Microplastics, tiny bits of plastic less than 5 millimetres long, are everywhere – in our food, water and air, and every ecosystem from coral reefs to Antarctic ice. This microscopic confetti of fossil fuel-derived materials has even invaded our bodies, often through the food and drinks we consume. Studies on animals and human cells suggest exposure to microplastic could be linked to cancer, heart attacks, reproductive problems, and other serious harms. 

Avoiding them entirely is impossible, but we can take steps to limit exposure, one of which is opting for non-plastic containers. ANSES (Agence Nationale de Sécurité Sanitaire) ran multiple studies to measure microplastic levels in common foods, including beverages. They looked at drinks like water, soda, iced tea, wine and beer, as well as whether the type of bottle or cap affected how much microplastic ends up in your drink.

The results were shocking: beverages sold in glass bottles exhibited higher levels of microplastics than those packaged in any other type of container, averaging around 100 microplastic particles per litre. The same beverages in plastic bottles or cans had five to 50 times fewer microplastics. “We were expecting the opposite result when we compared the level of microplastics in different drinks sold in France,” said Iseline Chaïb, a researcher. 

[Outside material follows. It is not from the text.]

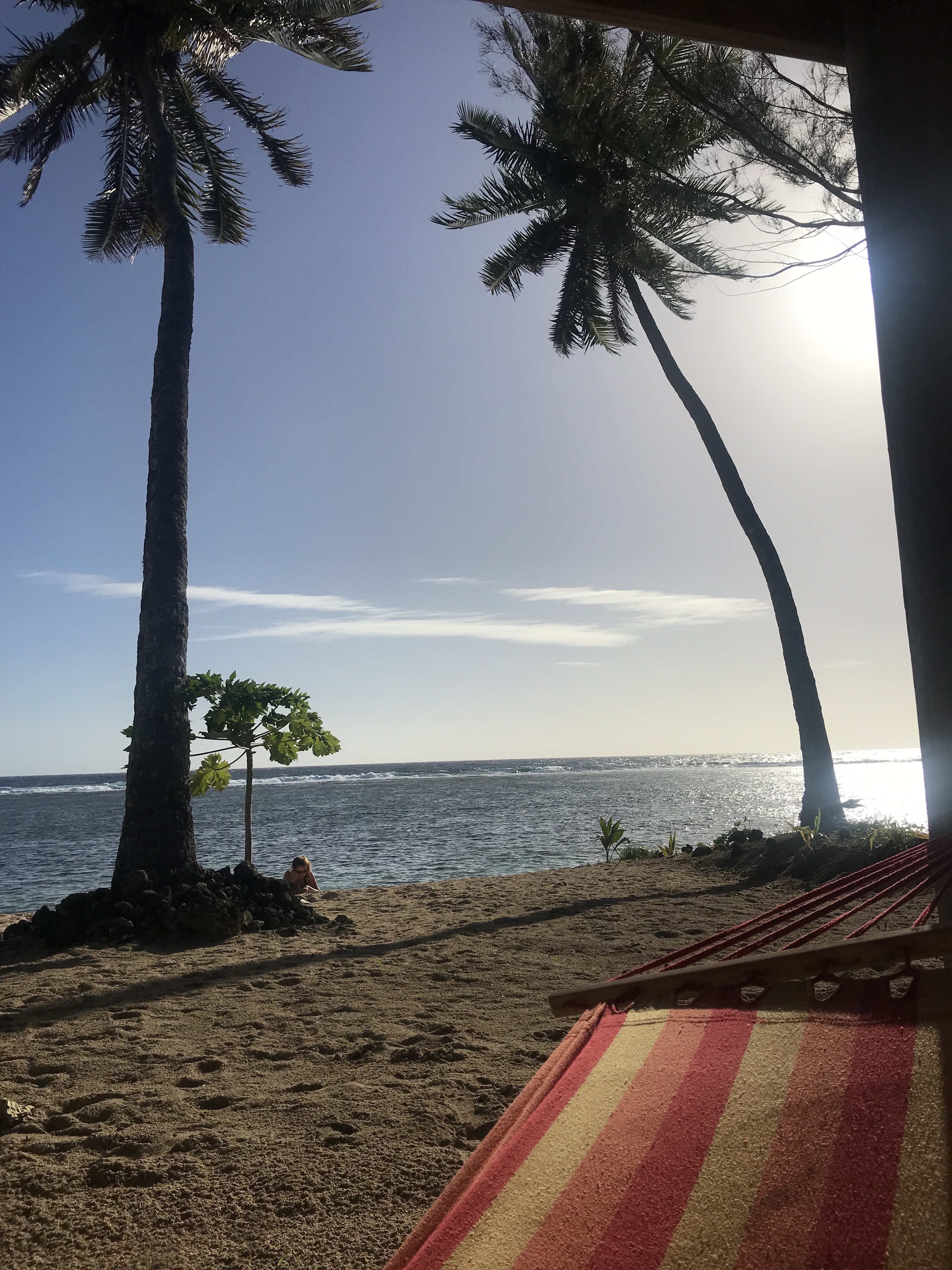 I got into my healthy routines, cooking vegetables, working out or doing yoga daily, hiking. I spent hours each day in the beach hammocks reading Blue Latitudes, a great book that Eric lent me about Captain Cook’s voyages through the South Pacific and beyond. It was perfect reading about places I’d been and about places I would visit, learning about their history in a way that sticks for me.

[See more: Plastic pollution is causing brain damage in seabird chicks, study finds]

The one exception was wine, which also happened to be the only beverage in a glass bottle with a cork instead of a metal cap. The plastic contamination, researchers theorise, comes from the paint used on metal caps. Most of the microplastic isolated from glass bottles was the same colour as the paint on the metal cap, and the mainly polyester particles matched the polyester-based paint used.

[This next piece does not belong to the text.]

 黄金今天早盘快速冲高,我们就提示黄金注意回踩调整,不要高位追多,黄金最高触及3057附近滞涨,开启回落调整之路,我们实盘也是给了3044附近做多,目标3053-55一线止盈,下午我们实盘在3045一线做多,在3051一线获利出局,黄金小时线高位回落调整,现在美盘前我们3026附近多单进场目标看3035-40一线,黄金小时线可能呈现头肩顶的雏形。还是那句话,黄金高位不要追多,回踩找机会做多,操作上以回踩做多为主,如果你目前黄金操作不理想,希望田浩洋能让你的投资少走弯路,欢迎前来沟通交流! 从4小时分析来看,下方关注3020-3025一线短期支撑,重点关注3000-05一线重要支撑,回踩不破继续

Armed with this hypothesis, the researchers then conducted a series of experiments to confirm the potential origin of the coloured particles in glass-bottled beverages and to see if there was a simple method to reduce contamination. “We studied three scenarios,” Chaïb explained. “We cleaned the bottles and filled them with filtered water so that no microplastics could be detected, then we placed caps on the bottles without treating the caps, after blowing on the caps with an air bomb, or after blowing air and rinsing the caps with filtered water and alcohol.”

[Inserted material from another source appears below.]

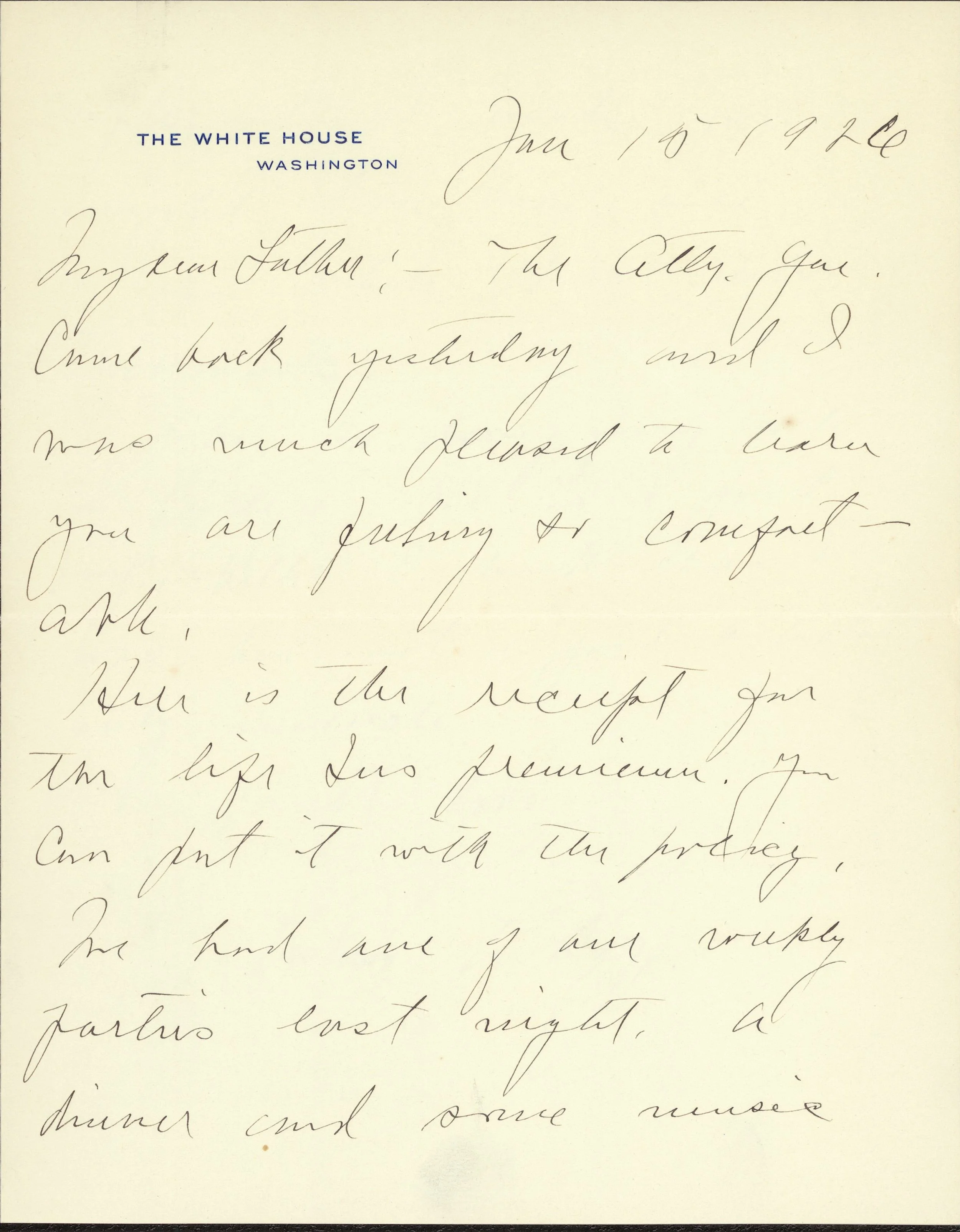 Coolidge notes that they “had one of our weekly parties last night. A dinner and some music after it.” The Washington Post reported on January 15, “The President and Mrs. Coolidge entertained at dinner last evening at the White House in honor of the Supreme Court. The table was decorated with white carnations, baby primula and maidenhair fern… A musical program in the East room followed the dinner.” Coolidge says of such events in his Autobiography that “these functions were so much in the hands of Mrs. Coolidge that oftentimes I did not know what guests were to be present until I met them in the Blue Room just before going in to dinner. These social events are almost as much a part of the life of official Washington as a session of the Congress or a term of the Supreme Court.”

Cleaning dramatically reduced the amount of microplastics. Where bottles of water sealed with uncleaned caps had an average of 287 particles per litre, simply blowing air on the caps slashed that figure by 63 percent to 106 particles. Adding a rinse lowered the concentration even further, to just 87 particles per litre, a nearly 70 percent drop overall from the uncleaned caps. Manufacturers, the researchers noted, could also explore other options to reduce the amount of microplastics in their bottle, including improving pre-sale storage conditions to avoid friction, or modifying the composition of the paint used on caps.